_What needs to be done_.
To complete this task, print all the data below exactly but leave out the images.
── Data below ──
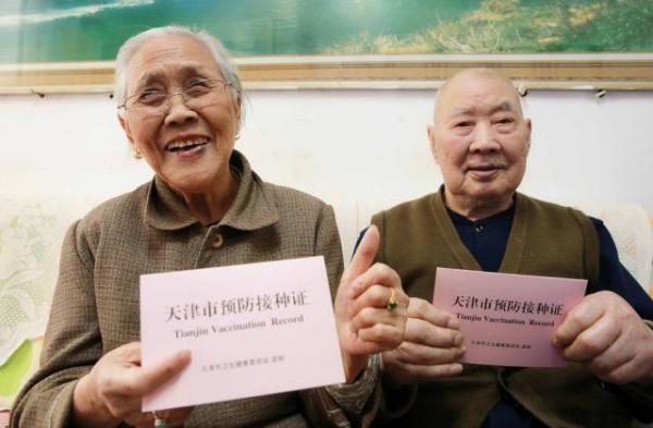 红桥区咸阳北路街道彰武社区住着92岁的夏桐兰奶奶和98岁的季洪金爷爷,两位老人虽年近百岁,但身体倍儿棒,听说社区组织60岁以上老年人接种疫苗,便积极报名参加。夏桐兰老人说:“作为一名老党员,支持防疫工作,我们可不能掉队。”
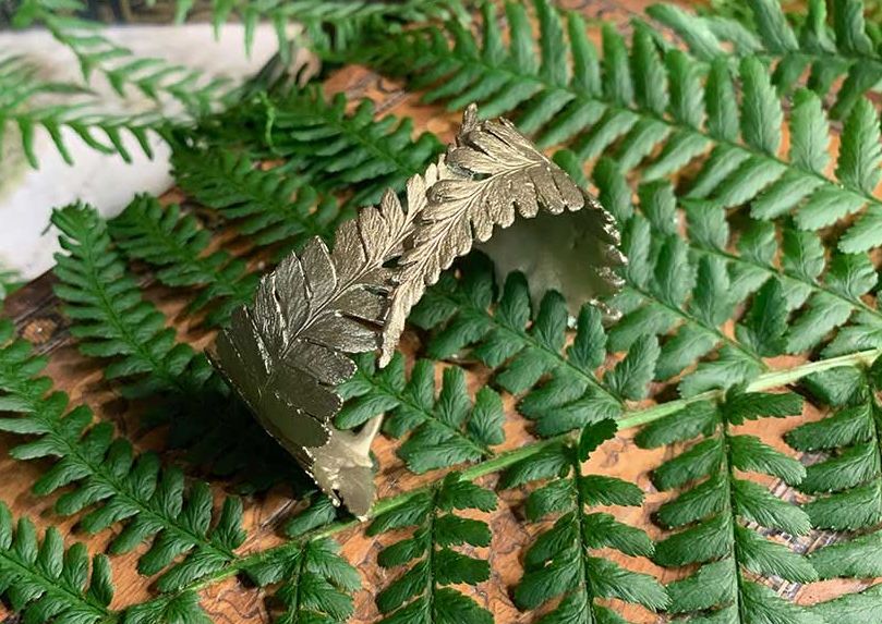 Cast in bronze directly from fern fronds and hand patinaed to a glowing matte green-bronze finish, this cuff bracelet speaks to the nature lover in us all.
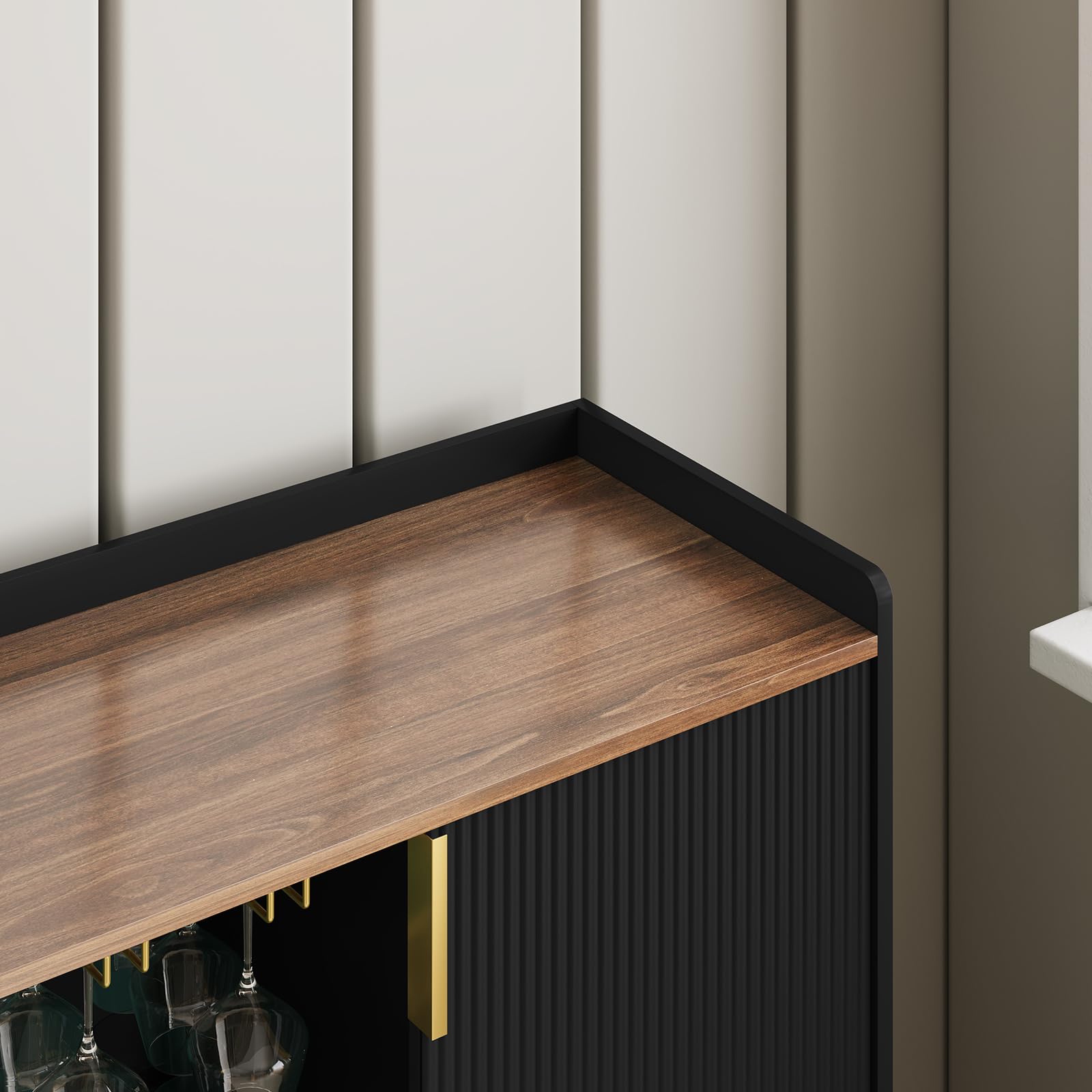 Elevate your space with a wine cabinet that marries rustic charm with modern function. This elegant bar cabinet showcases up to 12 bottles and hangs 9 glasses under the three-tier rack, while adjustable shelves customize to your collection. The generous countertop effortlessly hosts your coffee machine or other appliances—turning every corner into a cozy, organized bar nook.
───
_Response_.
 红桥区咸阳北路街道彰武社区住着92岁的夏桐兰奶奶和98岁的季洪金爷爷,两位老人虽年近百岁,但身体倍儿棒,听说社区组织60岁以上老年人接种疫苗,便积极报名参加。夏桐兰老人说:“作为一名老党员,支持防疫工作,我们可不能掉队。”
 Cast in bronze directly from fern fronds and hand patinaed to a glowing matte green-bronze finish, this cuff bracelet speaks to the nature lover in us all.
 Elevate your space with a wine cabinet that marries rustic charm with modern function. This elegant bar cabinet showcases up to 12 bottles and hangs 9 glasses under the three-tier rack, while adjustable shelves customize to your collection. The generous countertop effortlessly hosts your coffee machine or other appliances—turning every corner into a cozy, organized bar nook.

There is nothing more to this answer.